Prosecutors had no easy case against Ferrer. In casting him as the bombing's mastermind, they relied on his ties to anarchism and revolutionary propaganda and proposed that Ferrer both fostered Morral's insurrectionism and suggested that Morral approach Nakens based on Ferrer's high regard for the journalist's works. However, in correspondence between the pedagogue and the antianarchist journalist just days before the bombing, the latter declined an offer from the former to write books for his school—while the two were cordial, Nakens regarded himself an outspoken enemy of anarchism. In reply, Ferrer insisted that Nakens keep the money, perhaps intended as a bribe.
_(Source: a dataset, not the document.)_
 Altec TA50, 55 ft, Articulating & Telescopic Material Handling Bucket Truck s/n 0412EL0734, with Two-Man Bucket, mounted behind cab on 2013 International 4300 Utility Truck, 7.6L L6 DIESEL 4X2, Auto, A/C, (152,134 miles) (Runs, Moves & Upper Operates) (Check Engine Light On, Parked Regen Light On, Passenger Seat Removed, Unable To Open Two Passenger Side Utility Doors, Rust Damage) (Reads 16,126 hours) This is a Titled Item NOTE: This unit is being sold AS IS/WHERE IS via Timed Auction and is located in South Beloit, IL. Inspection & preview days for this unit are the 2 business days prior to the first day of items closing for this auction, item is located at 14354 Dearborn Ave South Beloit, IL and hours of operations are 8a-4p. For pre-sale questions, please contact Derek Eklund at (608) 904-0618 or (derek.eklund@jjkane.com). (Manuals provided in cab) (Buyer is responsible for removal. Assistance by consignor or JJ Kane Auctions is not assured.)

The court was not convinced of conspiracy by this evidence.[11]

For his part, Ferrer proclaimed his innocence.[2] He told the investigation that he and Morral had limited interaction and that he did not know Morral was a revolutionary or even in Madrid.[3] Finding the evidence against Ferrer to be circumstantial, the court acquitted Ferrer, but not before impugning Ferrer's character and political activities: morally reprehensible but within the scope of their Constitution's freedom of expression.[15][2]

International pressure also played a major role in his release. Anarchists and rationalists likened his treatment to another Spanish Inquisition.[2] While Ferrer was jailed, the republican Alejandro Lerroux oversaw the estate and with the funds started periodicals dedicated to Ferrer and Nakens' release.[4] But while Emma Goldman proclaimed that Ferrer was known for his aversion of political violence,[2] the historian Paul Avrich countered that Ferrer was a militant anarchist, proponent of direct action, and cognizant of the political importance of violence.[16]
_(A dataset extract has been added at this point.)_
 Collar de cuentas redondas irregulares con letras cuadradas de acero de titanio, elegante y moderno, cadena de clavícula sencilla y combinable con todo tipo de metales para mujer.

Historians have disagreed on Ferrer's role in the regicide attempt. The Oxford University historian Joaquín Romero Maura [es] concluded, based on Spanish and French police official records, that Ferrer had provided the funds and explosives as the mastermind of both bombing attempts who sought to foment a revolution. His analysis, however, took these police documents at face value when such official narratives are notorious for their fabrications from vindictive informants and conceited reporters. In this case, the police had already proven their opposition to Ferrer by twice attempting to implicate Ferrer prior to the Alfonso XIII bombings, both times unsuccesfully. And Romero Maura's same documents (and others since lost) had been insufficient at Ferrer's trial.[17] Ferrer had, however, introduced Morral to Barcelonean radicals, such as Lerroux. Some evidence suggests that Ferrer introduced Morral to a bombs expert, and that both Ferrer and Lerroux plotted a regicide to destabilize the administration and cause a revolution. Additionally, Morral had access to the school's vast collection of revolutionary propaganda.[3] "Barring the discovery of conclusive evidence," historian Paul Avrich wrote, "Ferrer's role in the Morral affair must remain an open question."[16]
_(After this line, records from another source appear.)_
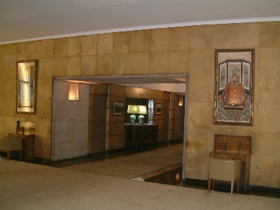 "...... De enorme, zacht verlichte hall heeft mooi betimmerde wanden en dikke tapijten op de vloeren. Er is een ontvangst- annex sleutelbalie met postvakjes, zoals in een hotel. Overal deuren, die liftdeuren blijken te zijn, oriëntaalse decoraties en marmeren beelden. Er heerst de voorname stilte van een voornaam gebouw............."
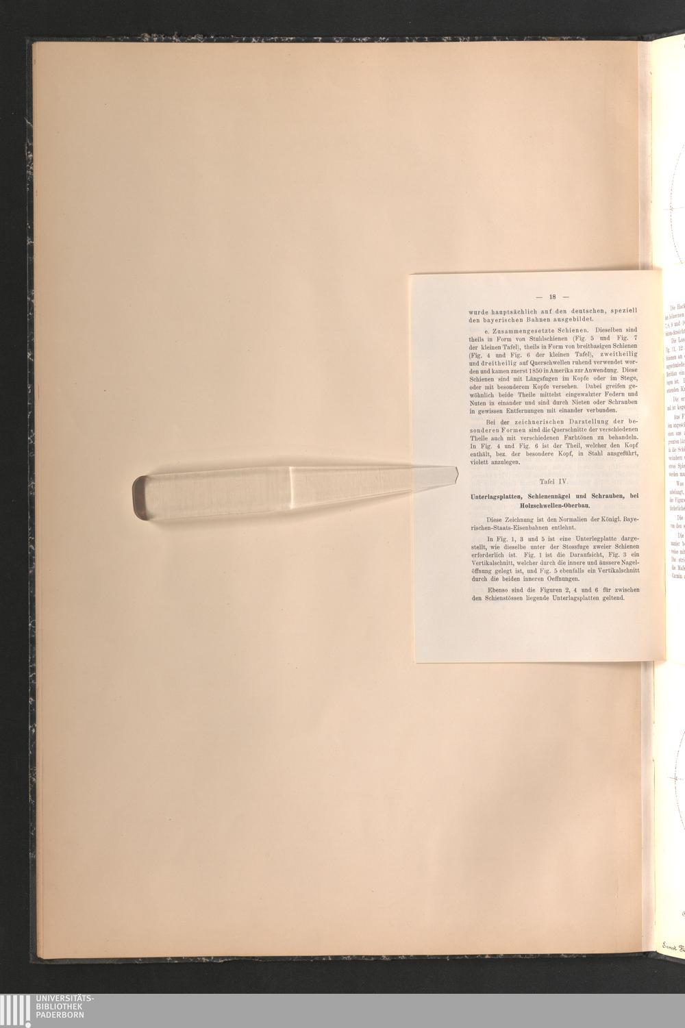 Taf. IV. Unterlagsplatten, Schienennägel und Schrauben bei Holzschwellen-Oberbau,[...]
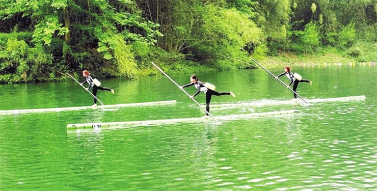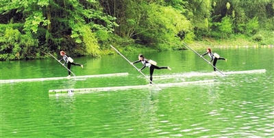 粗细均匀、承重量大的南竹是独竹漂的工具用材,一根竹子可承重60公斤左右。在独竹漂运动中,“漂者”依靠细竹竿的划动实现水上漂行,辗转腾挪如履平地。2007年,贵州省把独竹漂定为少数民族传统体育竞技项目,并在红花岗区举办了贵州省首届独竹漂大赛。2010年,独竹漂赛正式入选第九届全国少数民族运动会竞赛项目。今年5月,赤水市在大同举办为期10天的独竹漂培训班,独竹漂传承人彭刚、陈磊采用“理论+实践”的方式培训学员:水上平衡、水上划竿、水上转身、水上队列、上下竿、跳竿……

Ferrer's school was a casualty of the Morral affair, closed by the government within weeks of his arrest. Multiple conservative deputies of the Spanish parliament additionally petitioned to close all secular schools but were denied.[2]

Despite Ferrer's acquittal, the police continued to believe he was guilty.[2] Ferrer continued his advocacy for rational education and syndicalist causes following his release in June 1997, but was arrested and charged in August 1909 with leading the week of protest and insurrection known as Tragic Week.[18] Though he likely participated in its events, he was not its mastermind.[19] The ensuing trial, which would culminate in his death by firing squad, is remembered as a show trial by a kangaroo court,[20][21][22][23][24] or as the historian Paul Avrich later summarized the case, "judicial murder": a successful attempt to quell an agitator whose ideas were dangerous to the status quo, as retribution for not convicting him in the Morral affair.[21]

Nakens[edit]

On the day of Morral's death, the republican journalist José Nakens had published a denunciation of the regicide attempt and terrorism writ large in his journal, El Motín, without mentioning Morral or Nakens' own harboring of the fugitive.[25] He was arrested within the week and the next day published a full accounting of his actions in two newspapers, in which he reaffirmed his opposition to anarchism, described Morral's attack as cowardly, and recanted his brief support of Morral as misguided but driven by his desire to help his fellow man.[26]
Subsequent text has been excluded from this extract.